Ingredients
1 cup whole milk, warmed to about 100°F
2/3 cup granulated sugar, divided
1 and 1/2 tablespoons active dry or instant yeast (equivalent to 2 packets)
1/2 cup unsalted butter, cut into pieces
2 large eggs, at room temperature
1/2 teaspoon salt
4 and 1/2 cups all-purpose or bread flour, plus additional as needed
2 teaspoons canola, vegetable, or olive oil for greasing the bowl
2 cups chopped pecans
2/3 cup packed light or dark brown sugar
1/4 cup whole milk
1/4 cup pure maple syrup
1/4 teaspoon salt
1/4 cup unsalted butter, softened
2 teaspoons ground cinnamon
1/2 cup packed light or dark brown sugar
Instructions
1-First Step: Prepare the Dough: Begin by warming 1 cup of whole milk to about 100°F and mixing it with 2/3 cup granulated sugar and 1 and 1/2 tablespoons of active dry yeast in a large bowl. Let this sit for 5-10 minutes until it foams, showing the yeast is active. Then, add 1/2 cup unsalted butter, 2 large eggs, 1/2 teaspoon salt, and 4 and 1/2 cups flour, mixing until a soft dough forms for vegan adaptations, use plant-based milk and egg substitutes here to keep it simple.

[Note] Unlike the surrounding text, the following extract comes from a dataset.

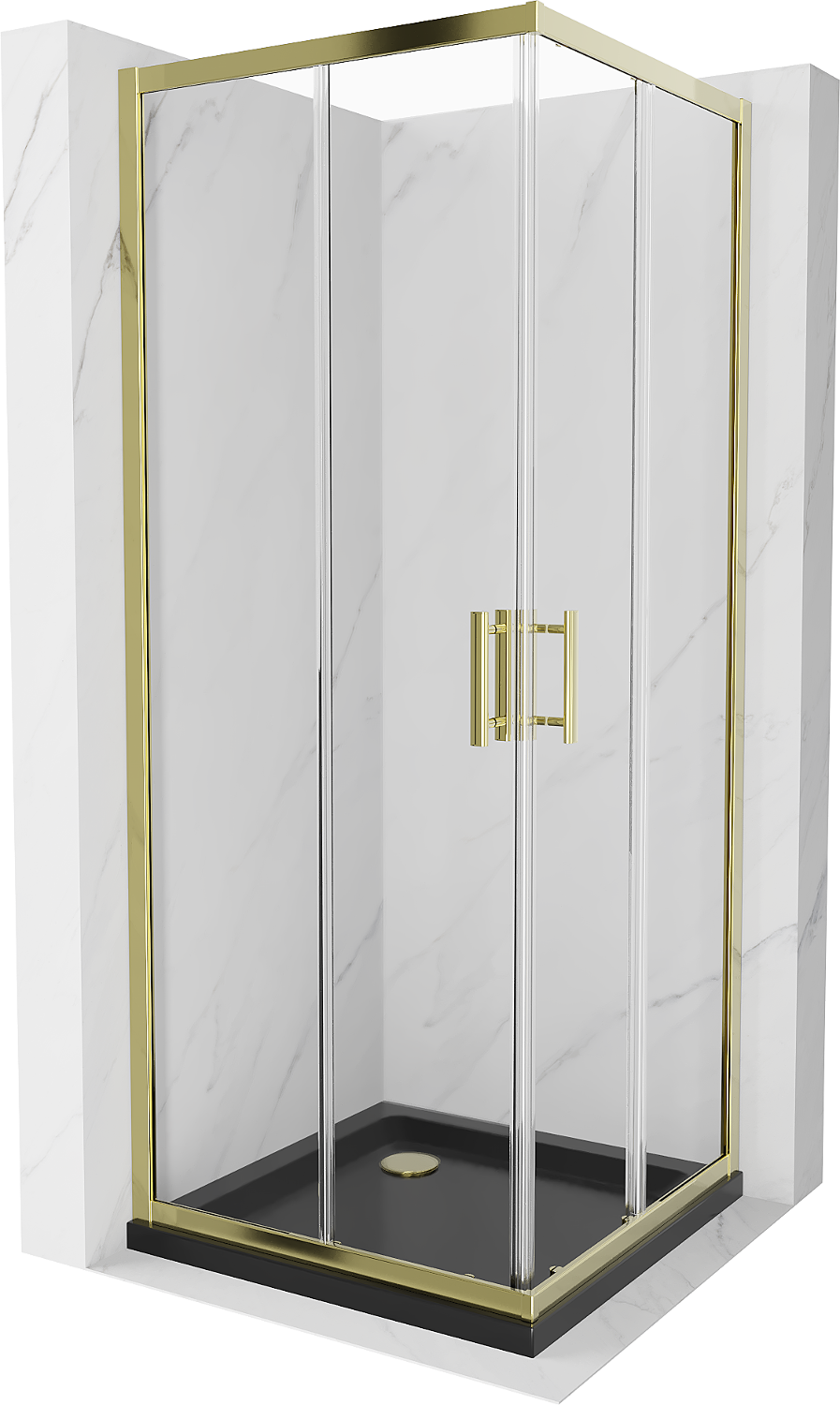 Mexen Rio cabină de duș pătrată 90 x 90 cm, transparentă, aurie + cadă de duș Flat, neagră- 860-090-090-50-00-4070G

2-Second Step: Knead and Let Rise: Turn the dough onto a floured surface and knead for about 5-7 minutes until smooth, adding more flour if it’s too sticky. Grease a bowl with 2 teaspoons of oil, place the dough inside, and cover it with a cloth. Let it rise in a warm spot for 1-2 hours until it doubles in size; for gluten-free versions, this step might take a bit longer, so be patient for the best rise.
3-Third Step: Make the Topping: While the dough rises, prepare the topping by melting 1/2 cup unsalted butter in a saucepan over medium heat, then stir in 2/3 cup packed brown sugar, 1/4 cup whole milk, 1/4 cup pure maple syrup, 1/4 teaspoon salt, and 2 cups chopped pecans. Cook for 2-3 minutes until bubbly, then pour it into a greased 9×13-inch pan; for low-calorie tweaks, use less sugar or sugar alternatives to adjust without losing that sticky appeal.
4-Fourth Step: Roll and Fill the Dough: Once risen, roll the dough into a rectangle about 1/4-inch thick. Spread 1/4 cup softened unsalted butter over it, then sprinkle with 1/2 cup packed brown sugar and 2 teaspoons ground cinnamon for the filling. Roll it up tightly and cut into 12 slices; adapt by using cinnamon alternatives if needed for dietary preferences.
5-Fifth Step: Arrange and Second Rise: Place the slices cut-side down in the prepared pan on top of the topping mixture. Cover and let them rise again for 30-45 minutes until puffy; this is a great spot to make low-calorie adjustments by reducing portions or using lighter fillings.
6-Sixth Step: Bake the Buns: Preheat your oven to 350°F and bake the buns for 25-28 minutes until golden brown. If the topping starts browning too fast, cover with foil midway; for gluten-free bakes, check at 20 minutes to ensure even cooking without drying out.
7-Final Step: Cool and Serve: Let the buns cool in the pan for 5 minutes, then invert onto a serving plate to let the topping drizzle over. Serve warm for the best flavor, and enjoy with coffee these sticky buns shine as a versatile treat that can be adapted for any diet while maintaining their charm.
Last Step:
Please leave a rating and comment letting us know how you liked this recipe! This helps our business to thrive and continue providing free, high-quality recipes for you.Notes
🍁 Use room temperature ingredients to help the dough rise better.
🌡️ Ensure milk is not too hot when mixing with yeast to avoid killing it.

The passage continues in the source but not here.